A 2016 Stanford paper explores the effectiveness of DQNs in a survive-and-kill scenario in Minecraft. The researchers focused upon the use of a local replay memory to help smooth over the time gap between an action and its rightful reward. They utilized Convolutional Neural Networks (CNN) to represent the world states, which made the learning process more challenging. That said, they yielded positive results, showing that it is possible to train an agent to survive by being both aggressive and evasive [4].

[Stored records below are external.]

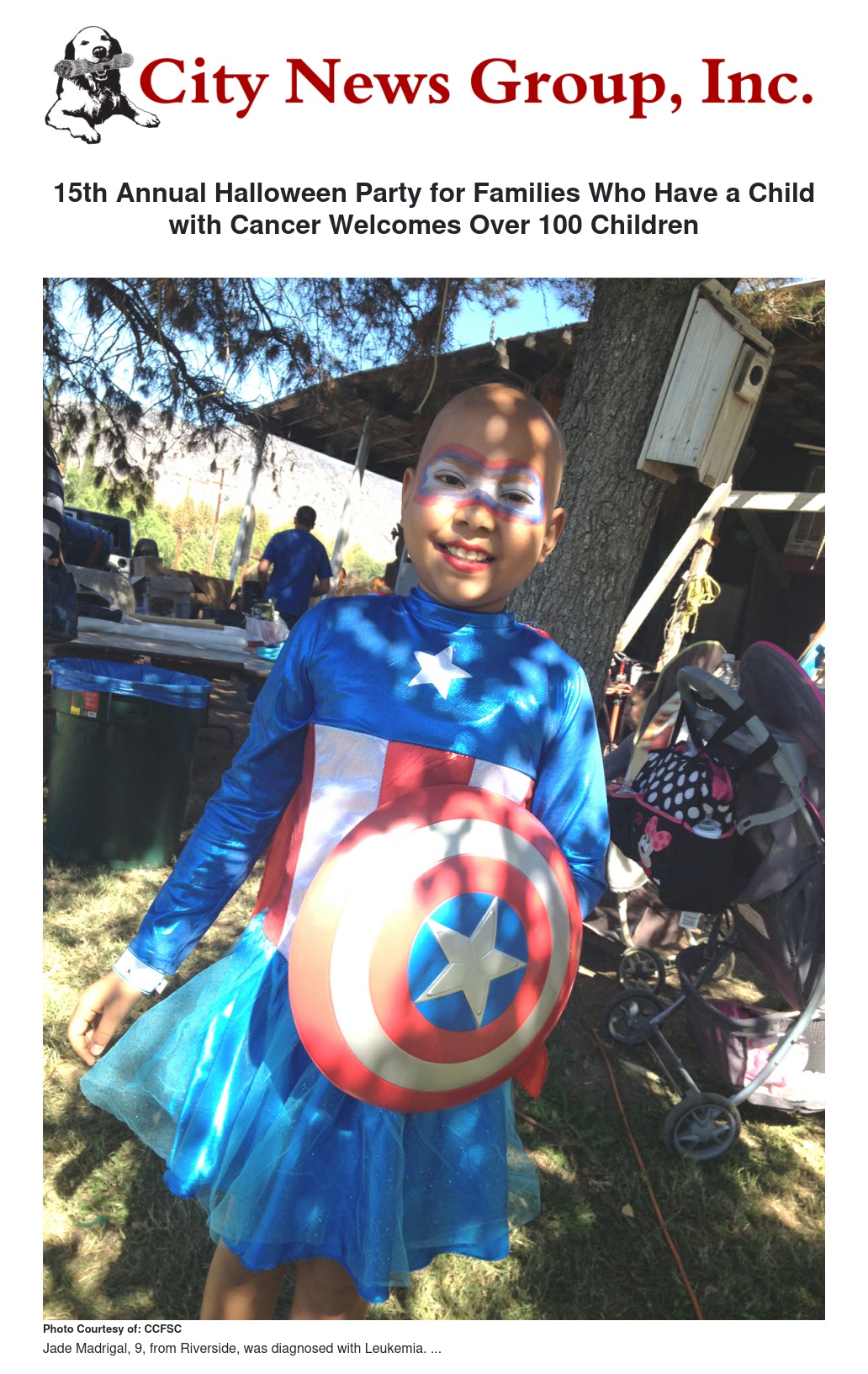 Every fall, the Childhood Cancer Foundation of Southern California (CCFSC) invites children with cancer to join them for their Annual Halloween Party. This year, Greenspot Farms in Mentone welcomed the group of over 100 children and their parents to enjoy an afternoon of family fun.
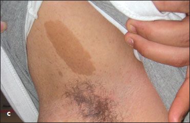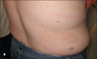 During the physical examination, the patient was noted to have 8 hyperpigmented macules ranging from 2 to 8 cm with smooth margins, 7 or 8 flesh-colored, nontender papules, and 3 nodules on the trunk (A). His mother had numerous similar lesions on her trunk (B). Neither son nor mother had any changes in vision, heart murmur, or bony deformity. A diagnosis of neurofibromatosis had been suspected by a previous physician but had not been confirmed.
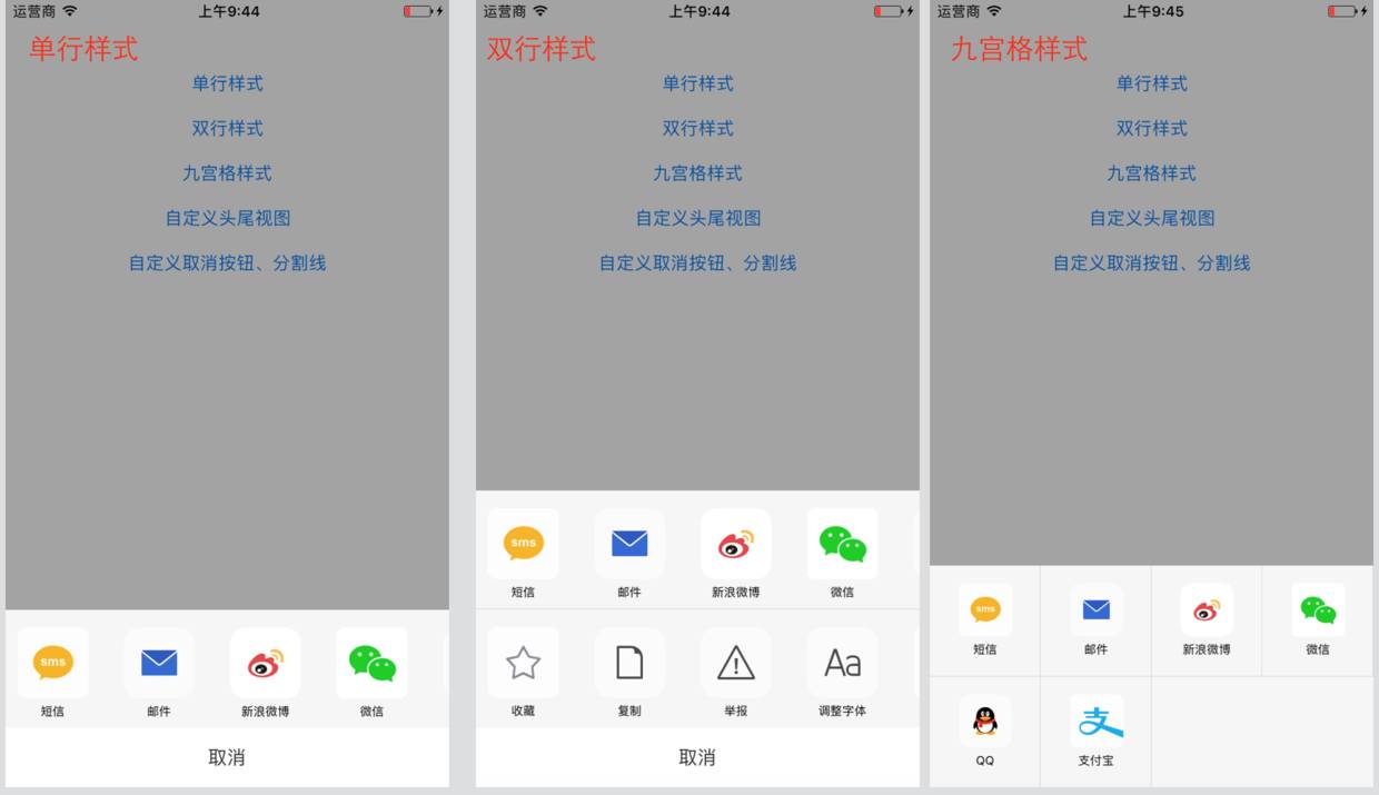 除了第一种方案UIActivityViewController不需要自己绘制界面以外,其他方案均要自己绘制分享弹出菜单,针对以上问题,我写了一个界面和功能高度可定制化的轮子IFMShare(Swift版)供大家使用。
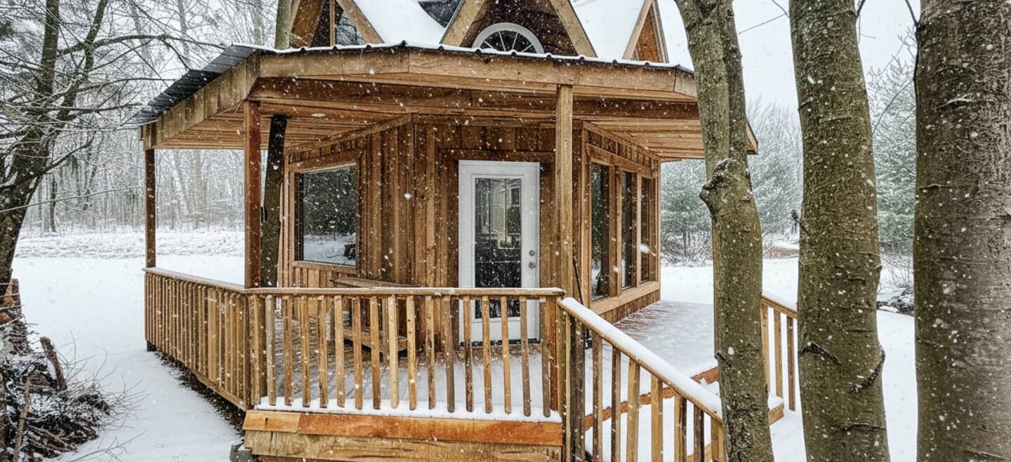 Inside, the bunkie is compact, warm, and intentional. Designed to sleep up to five guests, the layout balances comfort with simplicity:
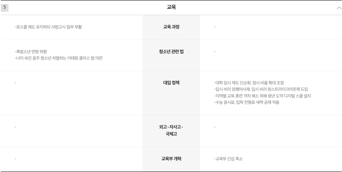 두 후보 모두 교육과 관련된 정책 특히 입시제도나 대학구조 관련 언급이 없는 것은 아쉽다.
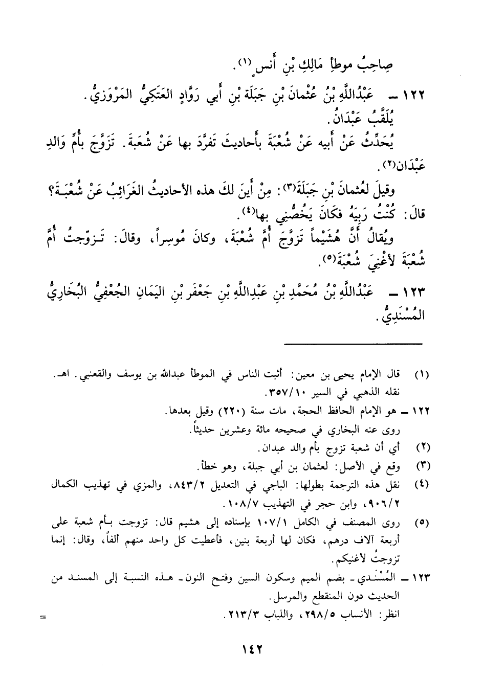 123 - عبد الله بن مُحَمَّد بن عبد الله بن جَعْفَر بن الْيَمَان الْجعْفِيّ البُخَارِيّ المسندي
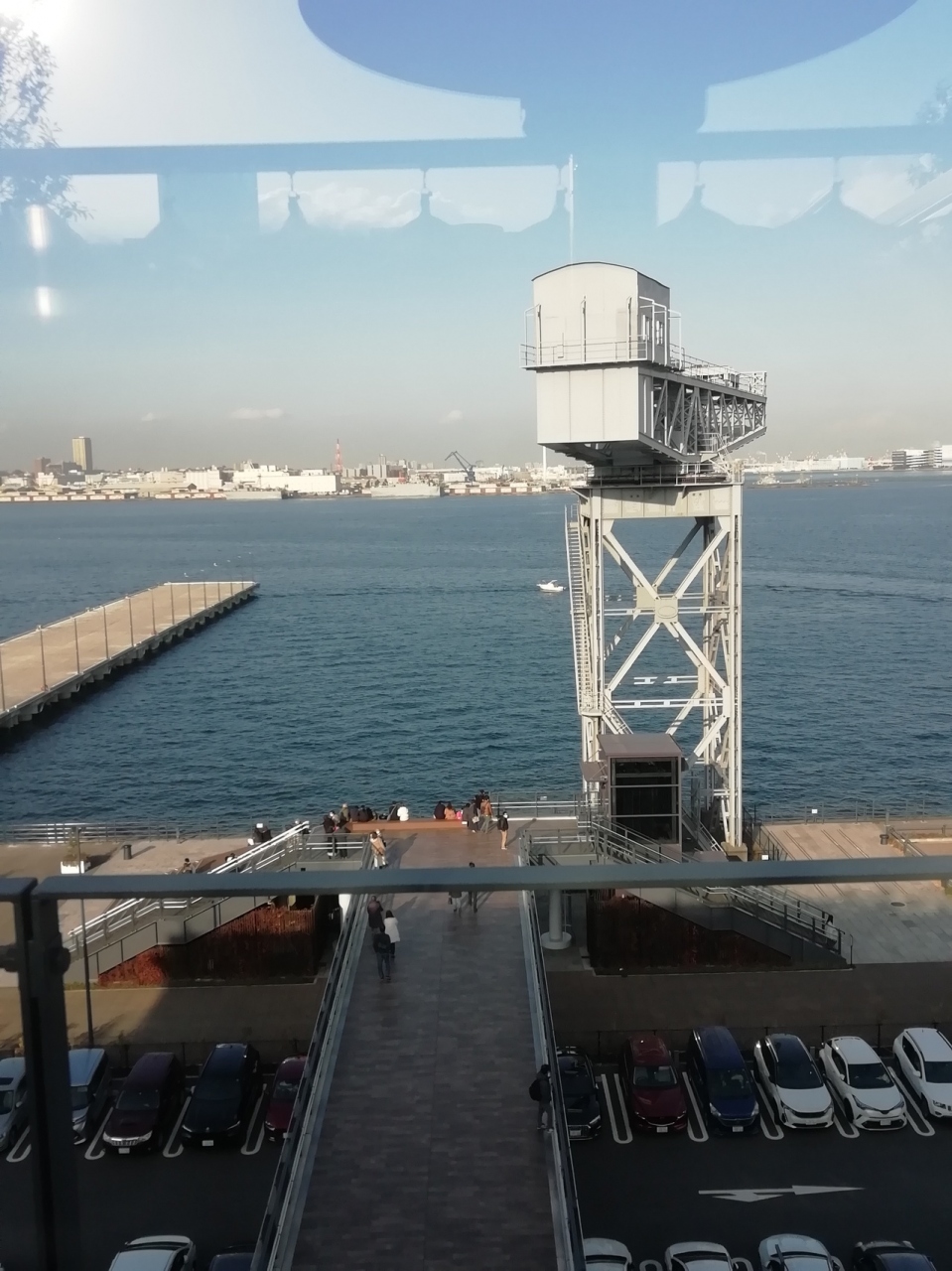 商業施設の横浜ハンマーヘッドとホテルに隣接して巨大なクレーンがあるエリア。横浜らしい風景が見られます。
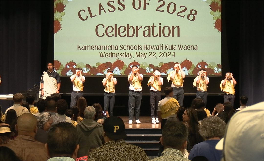 Following their Lei Pāpahi Transition Ceremony, the class of 2028 held a celebration as they move on from Kula Waena to Kula Kiʻekiʻe. Each student was recognized and the class celebrated this important transition with mele and hula.
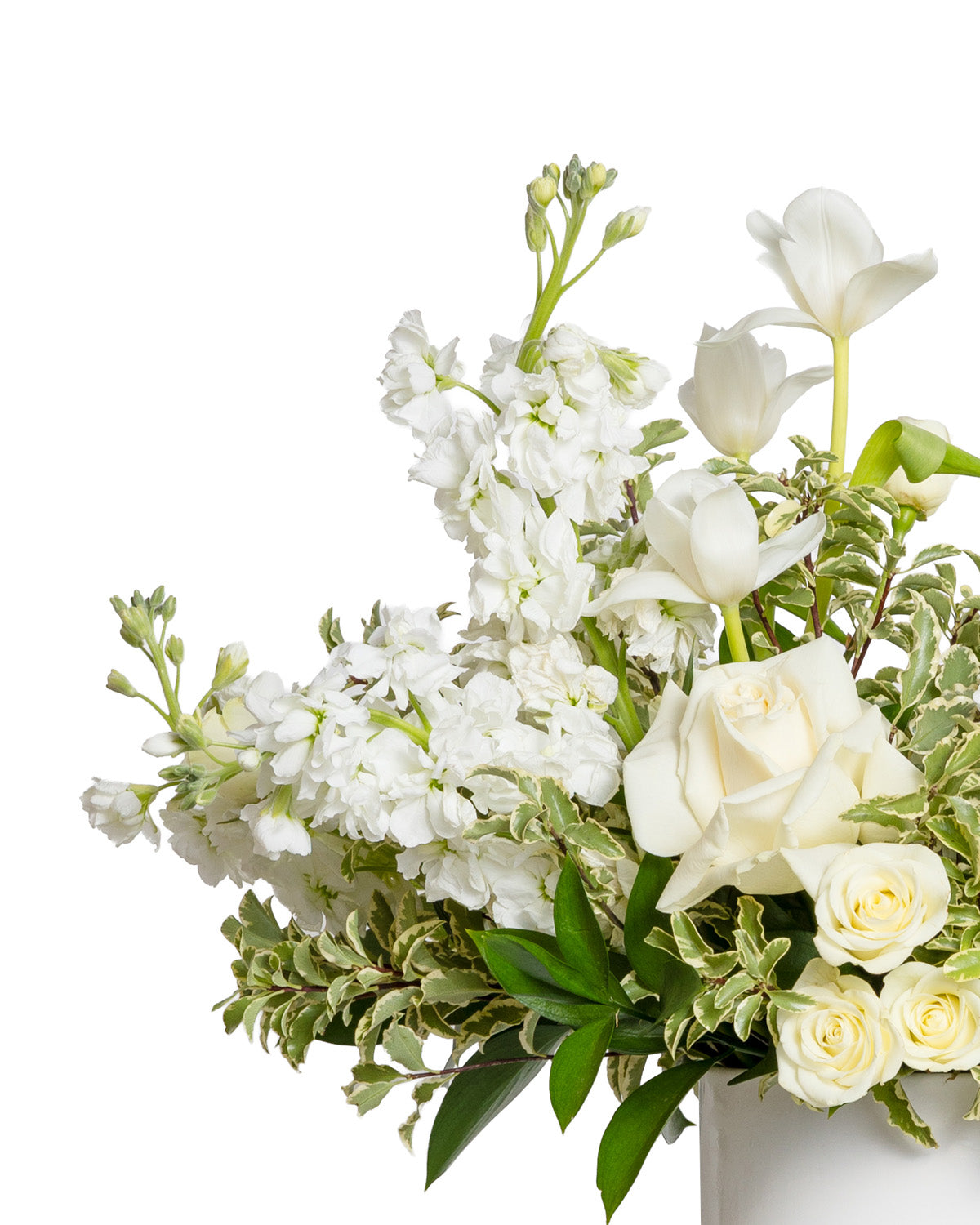 Roses, stocks, tulips, and various foliage.
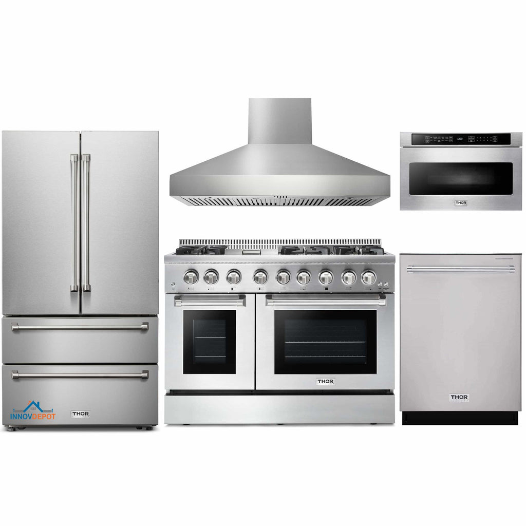Thor Kitchen 5-Piece Pro Appliance Package - 48-Inch Dual Fuel Range, French Door Refrigerator, Dishwasher, Pro Wall Mount Hood, and Microwave Drawer in Stainless Steel
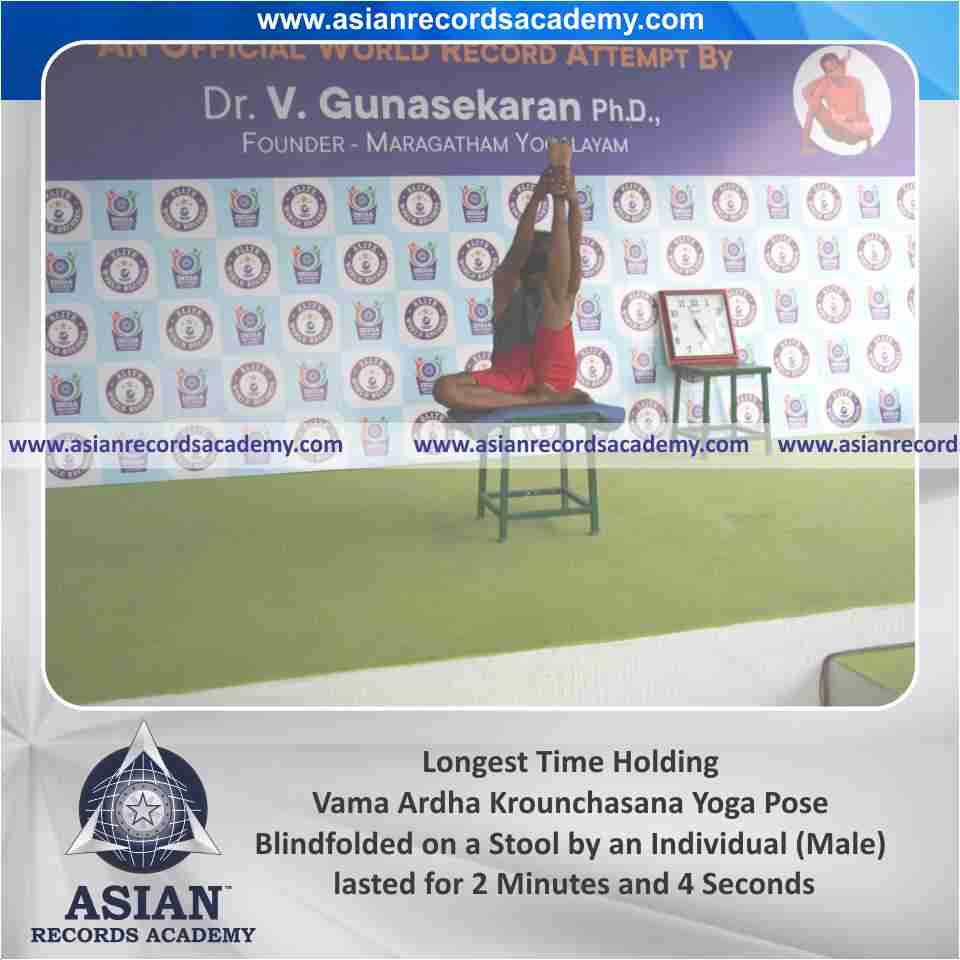 Longest Time Holding Vama Ardha Krounchasana Yoga Pose Blindfolded on a Stool by an Individual (Male)
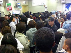| さて、添乗員さんが切符の手配に行っている間、ちょっとだけ添乗員さんのお手伝い。 「は〜い、側にいて下さいね。お土産は今買わないでくださ〜い。ほら、そこのおじさん、話をちゃんと聞いてください!」 |

Finally, the most complex research project considered in this literature review is the project that earned the second runner-up position in the MarLö Challenge in 2018. This project uses the concept of Hierarchical Learning (HL) to create an agent that was more representative of an AGI agent. They did this by training the agent to do several things: first, an agent would attempt to identify the policy to use based upon the visual inputs provided when spawning into the world. Then, based upon the predicted policy, the agent would interact with the world and train said policy further. This required the agent to have policies defined that applied to each of the 3 tasks given in the challenge. While this approach is arguably short-sighted in terms of a large- scale AGI agent, it represents a possible step in the right direction. Potential improvements to this approach are outlined in [11], where they successfully determined meaningful sub- goals in reward sparse Atari games like Montezuma’s Revenge. Games are considered to have sparse rewards if the actions taken by an agent do not yield obvious results in that moment; for example, in Montezuma’s revenge the agent might need to travel to one side of the map to collect a key that is necessary to exit the level on the other side. Agents tend to fail spectacularly when this is the case. By automatically determining meaningful subtasks, the agent becomes more capable of solving overarching complex tasks. That said, a game like Montezuma’s Revenge is still far less complex than the indefinite survival of an agent in Minecraft; part of the challenge will be determining just how far the automatic sub-task determination systems can go.

IV. RESEARCH QUESTIONS

There are numerous questions that this project will strive to answer:

1. How can modern reinforcement learning techniques, namely Deep Q-Networks, be improved upon to produce more successful agents in Minecraft?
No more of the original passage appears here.